Operational Requirements (minimum)

The user specifies one YAML file per execution (processing multiple YAMLs simultaneously is not supported)
- A single YAML may contain multiple sources in tasks[]
Invocation:
- python3 ./run_batch.py ./instructions/<INSTRUCTION>.yaml
Dry-run mode (pre-execution verification):
- python3 ./run_batch.py ./instructions/<INSTRUCTION>.yaml --dry-run
- Shows targets, output paths, and skip decisions without generating anything

`run_batch.py` Operational Spec

Base directory is the directory containing this README (and run_batch.py)
- Outputs are saved under ./files/
- Progress is saved to ./log/run_YYYYMMDDHHmmss.json
Re-running the same YAML loads the most recent run_*.json and resumes from where it left off
- Resume condition: instruction_file (canonical path) in run_*.json matches the canonical path of the specified YAML
  - Purpose: prevents resume failures due to path representation differences (e.g. ./instructions/x.yaml vs /abs/path/.../instructions/x.yaml)

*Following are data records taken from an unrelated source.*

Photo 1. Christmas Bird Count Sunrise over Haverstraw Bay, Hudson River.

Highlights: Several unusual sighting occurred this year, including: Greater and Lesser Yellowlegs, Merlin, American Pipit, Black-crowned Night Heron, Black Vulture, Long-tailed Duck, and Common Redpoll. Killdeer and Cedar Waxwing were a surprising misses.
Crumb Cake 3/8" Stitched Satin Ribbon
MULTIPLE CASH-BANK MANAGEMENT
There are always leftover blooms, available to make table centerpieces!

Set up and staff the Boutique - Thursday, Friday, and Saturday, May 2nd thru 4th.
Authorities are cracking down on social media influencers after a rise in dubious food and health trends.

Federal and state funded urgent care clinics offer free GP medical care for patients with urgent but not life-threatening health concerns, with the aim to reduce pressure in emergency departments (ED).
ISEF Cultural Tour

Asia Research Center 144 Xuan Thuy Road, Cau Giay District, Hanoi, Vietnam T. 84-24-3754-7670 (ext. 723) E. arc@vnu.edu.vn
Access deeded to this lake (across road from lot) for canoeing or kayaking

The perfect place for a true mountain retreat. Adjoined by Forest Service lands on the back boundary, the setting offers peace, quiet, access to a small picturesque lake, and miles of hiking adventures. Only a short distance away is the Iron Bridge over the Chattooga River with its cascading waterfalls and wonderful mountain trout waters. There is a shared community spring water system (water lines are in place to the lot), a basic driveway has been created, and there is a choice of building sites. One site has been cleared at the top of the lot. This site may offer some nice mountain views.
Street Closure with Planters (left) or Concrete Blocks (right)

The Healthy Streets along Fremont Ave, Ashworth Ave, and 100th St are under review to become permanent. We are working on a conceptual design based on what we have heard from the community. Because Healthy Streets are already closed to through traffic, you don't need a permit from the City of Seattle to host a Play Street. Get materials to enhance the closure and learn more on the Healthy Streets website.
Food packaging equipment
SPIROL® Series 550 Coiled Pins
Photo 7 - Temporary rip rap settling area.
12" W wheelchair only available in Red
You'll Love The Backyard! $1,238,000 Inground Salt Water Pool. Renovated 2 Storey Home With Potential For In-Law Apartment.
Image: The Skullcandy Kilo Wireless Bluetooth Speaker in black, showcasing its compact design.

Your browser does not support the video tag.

Progress is displayed with a spinner and progress bar:

⠹ 🔄 [████████░░░░░░░░░░░░]  40% (2/5) | NEW:1 SKIP:1 | TIME:01:23 | LOG:run_20260211150030.json

Status icons: 🔄 running / ✅ completed / 🚫 blocked / ⏹️ aborted / ❌ error
(2/5) completed / total
NEW:n newly generated / SKIP:n skipped (file already exists)
TIME:MM:SS elapsed (switches to HH:MM:SS after one hour)
LOG:run_*.json progress filename
On block, reason is appended: [AUTH_REQUIRED] / [RATE_LIMITED]

Examples:

# Running
⠹ 🔄 [████████░░░░░░░░░░░░]  40% (2/5) | NEW:1 SKIP:1 | TIME:01:23 | LOG:run_xxx.json

# Completed normally
  ✅ [████████████████████] 100% (5/5) | NEW:3 SKIP:2 | TIME:05:30 | LOG:run_xxx.json

# All skipped (outputs already exist)
  ✅ [████████████████████] 100% (3/3) | NEW:0 SKIP:3 | TIME:00:04 | LOG:run_xxx.json

# Blocked (auth error)
  🚫 [██████████░░░░░░░░░░]  50% (2/4) | NEW:1 SKIP:1 | TIME:02:15 | LOG:run_xxx.json [AUTH_REQUIRED]

# Blocked (rate limit)
  🚫 [██████████████░░░░░░]  66% (2/3) | NEW:2 SKIP:0 | TIME:03:45 | LOG:run_xxx.json [RATE_LIMITED]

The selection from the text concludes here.